• [Collected data]:
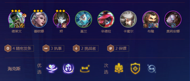 1、首先是以德莱文为主C的4精密3执事2保镖阵容,德莱文二星基本就稳了,如果三星的话基本必然吃鸡。
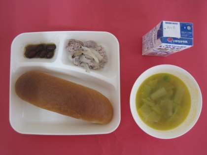 鶏肉、キャベツ、だいこん、にんじん、グリンピースを使ったスープとうずら豆のグラッセです。
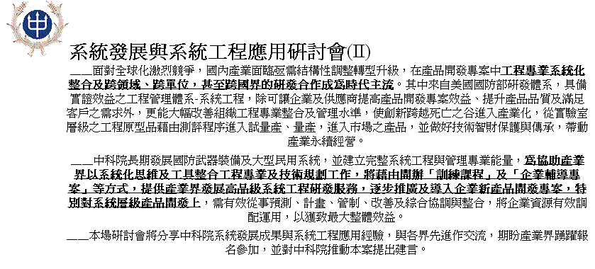 由中山科學研究院指導、中華民國產業科技發展協進會主辦之「中科院系統工程與發展研討會(II)」將於8月30日舉行。

• [Your task]: The full data, repeated exactly and stripped of its pictures, is the expected answer.

• [Exercise response]:
 1、首先是以德莱文为主C的4精密3执事2保镖阵容,德莱文二星基本就稳了,如果三星的话基本必然吃鸡。
 鶏肉、キャベツ、だいこん、にんじん、グリンピースを使ったスープとうずら豆のグラッセです。
 由中山科學研究院指導、中華民國產業科技發展協進會主辦之「中科院系統工程與發展研討會(II)」將於8月30日舉行。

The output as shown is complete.